Brittany was the favorite place of escape for Ernest Dowson.  Here is the final stanza of his "In a Breton Cemetery," which has appeared here in the past:

And now night falls,
     Me, tempest-tost, and driven from pillar to post,
     A poor worn ghost,
This quiet pasture calls;
     And dear dead people with pale hands
     Beckon me to their lands.

But Dieppe, not Brittany, was the quintessential seaside destination of the poets of the Nineties.  It offered them the best of both fin de siècle worlds:  a hint of urban decadence (bars and casinos) in a dreamlike natural landscape consisting of, by turns, fog, blinding sunlight, and mist. All unfolding on the edge of eternity.  With lurid sunsets.

                       Twilight

The pale grey sea crawls stealthily
Up the pale lilac of the beach;
A bluer grey, the waters reach
To where the horizon ends the sea.

Flushed with a tinge of dusky rose,
The clouds, a twilit lavender,
Flood the low sky, and duskier
The mist comes flooding in, and flows

Into the twilight of the land,
And darkness, coming softly down,
Rustles across the fading sand
And folds its arms about the town.

Arthur Symons, Amoris Victima (Leonard Smithers 1897).  According to a note which accompanies the poem in his Collected Works, Symons wrote the poem in Dieppe on August 22, 1895.
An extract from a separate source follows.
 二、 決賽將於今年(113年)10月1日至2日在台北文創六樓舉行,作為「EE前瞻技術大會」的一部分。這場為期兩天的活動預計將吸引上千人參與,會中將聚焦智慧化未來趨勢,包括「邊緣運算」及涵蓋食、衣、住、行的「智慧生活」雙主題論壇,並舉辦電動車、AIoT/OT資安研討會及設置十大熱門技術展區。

As I have observed in the past, no one does this sort of thing better than the Nineties poets.  Of course, they are regarded as quaint and old-fashioned caricatures by moderns, who can only evaluate the past in terms of their own debilitating and distancing irony.  They cannot conceive of the possibility that the poets of the Nineties wrote poetry as if their lives depended on it.

Richard Eurich, "In Falmouth Harbour" (1935)
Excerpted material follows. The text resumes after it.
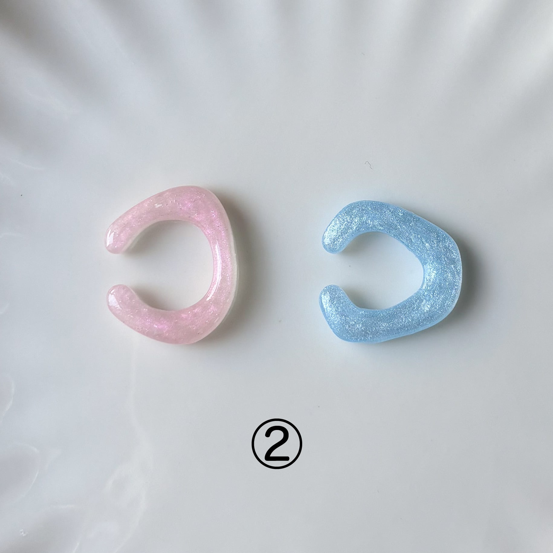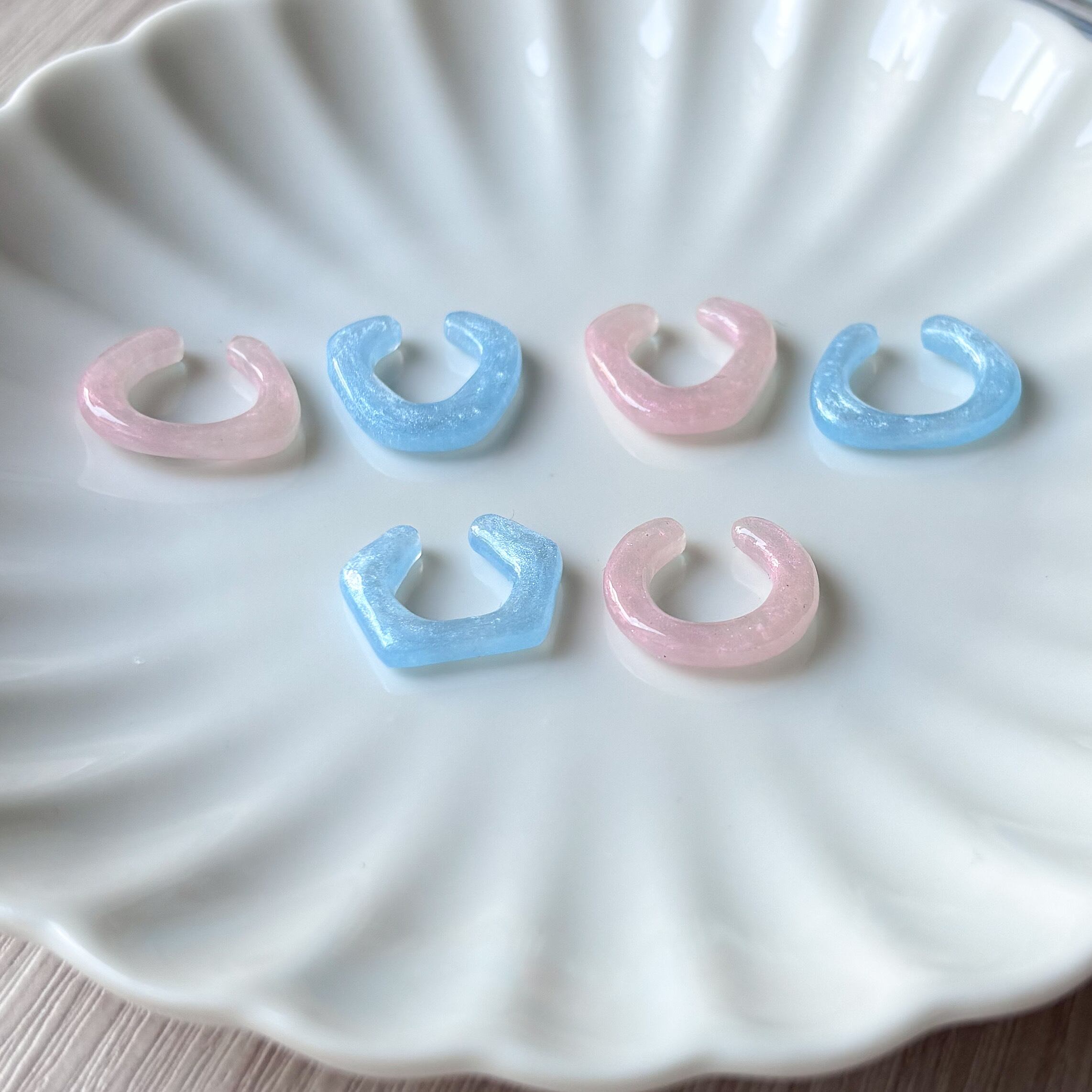 シンプルなブルーとピンクのイヤーカフセット。

I sometimes imagine myself in my final years.  I see myself living in a small seaside town.  Any town, any sea, any country will do.  Each day I walk slowly along a promenade beside the sea.  The tides go in and out.  Along the promenade, at intervals, are deciduous trees.  Any type will do.  Each year, until the end, I watch the leaves come and go and the tides go in and out.  All possibilities will have been exhausted.  Yet the possibilities will still be endless.

         September in Great Yarmouth

The woodwind whistles down the shore
Piping the stragglers home; the gulls
Snaffle and bolt their final mouthfuls.
Only the youngsters call for more.

Chimneys breathe and beaches empty,
Everyone queues for the inland cold --
Middle-aged parents growing old
And teenage kids becoming twenty.

Now the first few spots of rain
Spatter the sports page in the gutter.
Council workmen stab the litter.
You have sown and reaped; now sow again.

The band packs in, the banners drop,
The ice-cream stiffens in its cone.
The boatman lifts his megaphone:
'Come in, fifteen, your time is up.'

Derek Mahon, Poems 1962-1978 (Oxford University Press 1979).

Richard Eurich, "Whitby in Wartime"

My daily walk takes me past a large meadow that slopes gently down for a quarter-mile or so to a bluff beside Puget Sound.  The meadow is covered with tall grasses, with a wild rose bush here and there.  At this time of year a single patch of purple-pink and purple-white sweet peas -- a rough circle about 30 or 40 feet in diameter -- is abloom in the center of the meadow, about halfway to the edge of the bluff.  Beyond the meadow the water stretches away to green-blue islands and to the Olympic Mountains.

The world is indeed Paradise.  Which we tend to forget.  I know I do.

                         Requies

O is it death or life
That sounds like something strangely known
In this subsiding out of strife,
This slow sea-monotone?

A sound, scarce heard through sleep,
Murmurous as the August bees
That fill the forest hollows deep
About the roots of trees.

O is it life or death,
O is it hope or memory,
That quiets all things with this breath
Of the eternal sea?

Arthur Symons, Silhouettes (Elkin Matthews and John Lane 1892). Symons wrote the poem in Dieppe on June 20, 1890.  It is part of a six-poem sequence titled "At Dieppe."